UBS Job Cuts Spark Discussion

The planned job cuts at UBS are reportedly progressing more slowly than expected. But the fact that the integration of Credit Suisse and the associated job reductions are not following a straight and steady path is something that even casual observers have noticed.

The next «major milestone» in the integration of Credit Suisse (CS), acquired in 2023, is the migration of Swiss clients to UBS’s platforms and systems and this process is expected to be completed by mid-2026. In the presentation of its half-year results, the bank had expressed optimism, stating that it was «well on track.»

Now, «Financial Times» reports that the planned job cuts at UBS are progressing more slowly than originally planned. Even though management had never stated a target for the total number of employees after the integration, which is scheduled to be completed by the end of 2026, internal planning reportedly foresaw a target headcount of 85,000 by that time, the newspaper writes, citing insider sources.

First Phase Saw Faster Cuts

As of mid-2025, UBS had 105,000 employees (full-time equivalents). At the end of June 2023, the figure was 119,000. The pace of job cuts has slowed. In the second half of 2023, more than 3,500 jobs were eliminated per quarter. Since the start of 2024, the average has been 1,300 per quarter. Since the beginning of this year, a total of 3,500 positions have been cut. This means UBS is lagging behind its intended reduction trajectory.

In the first phase of the integration, UBS primarily eliminated jobs in areas such as investment banking and in regions like Asia and the US. 

Cost Targets 70 Percent Achieved

«We are working toward cost targets, not headcount numbers,» the bank said.

70 percent of the goal of reducing costs by $13 billion by 2026 has already been achieved. UBS said it is «well on track» to achieve the planned savings.

According to chief financial officer Todd Tuckner, the remaining cost reductions will be split evenly between savings on technology spending and personnel and capacity-related expenses.

Too Little Natural Attrition?

The bank has also relied on natural attrition to shrink staff numbers. Normally, around 7 percent of employees leave the company voluntarily each year. However, at the beginning of 2025, the group’s attrition rate had fallen below its historical average, a source told the British newspaper. This has made job-cutting efforts more difficult.

When filling positions, internal candidates are given priority and last year, more than two-thirds of open positions in Switzerland were filled internally.
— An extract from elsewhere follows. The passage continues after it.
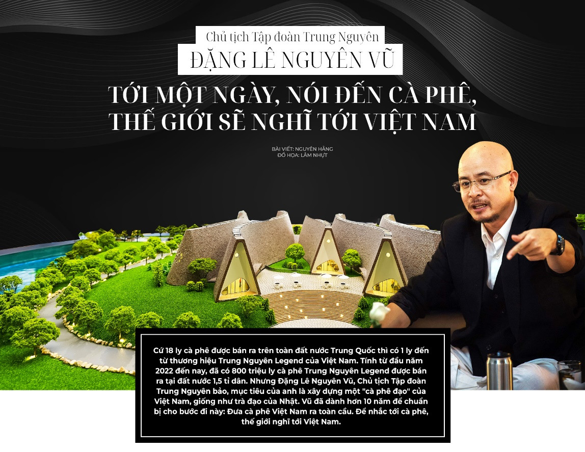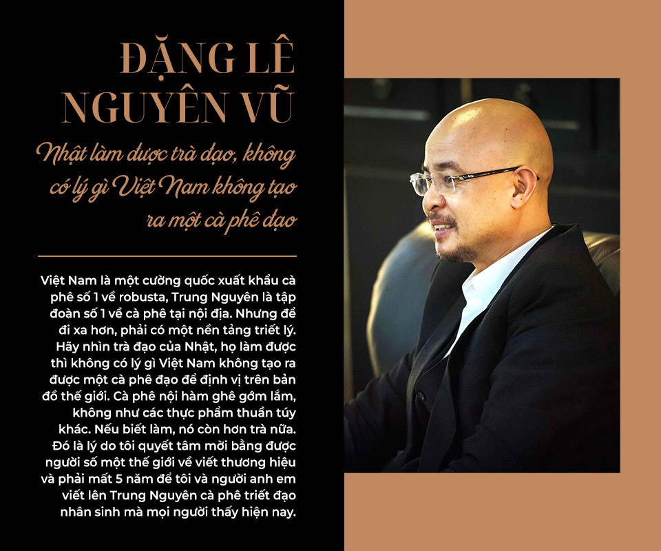 Nhưng Đặng Lê Nguyên Vũ, Chủ tịch Tập đoàn Trung Nguyên bảo, mục tiêu của anh là xây dựng một “cà phê đạo” của Việt Nam, giống như trà đạo của Nhật. Vũ đã dành hơn 10 năm để chuẩn bị cho bước đi này: Đưa cà phê Việt Nam ra toàn cầu. Để nhắc tới cà phê, thế giới nghĩ tới Việt Nam.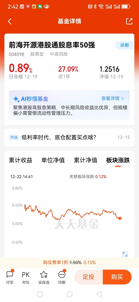 $前海开源港股通股息率50强$ 是追踪香港股市中高股息率股票表现的基金,主要筛选分红稳定、股息率较高的港股成分股编制而成,整体逻辑与我们持有的红利低波一致,区别是市场不同。

Client Migration to Be Completed by March 2026

The insider pointed out that cost reductions are «not linear» and that the bank can only shut down some legacy CS systems after the completion of client migration at the end of March 2026.

According to UBS, the job cuts will take place over several years and will largely be achieved through natural attrition, early retirement and the relocation of external positions into the company.

«We will keep the number of roles eliminated as part of the integration as low as possible and actively support affected employees. This includes helping them find a new position within UBS or outside the company,» the bank added.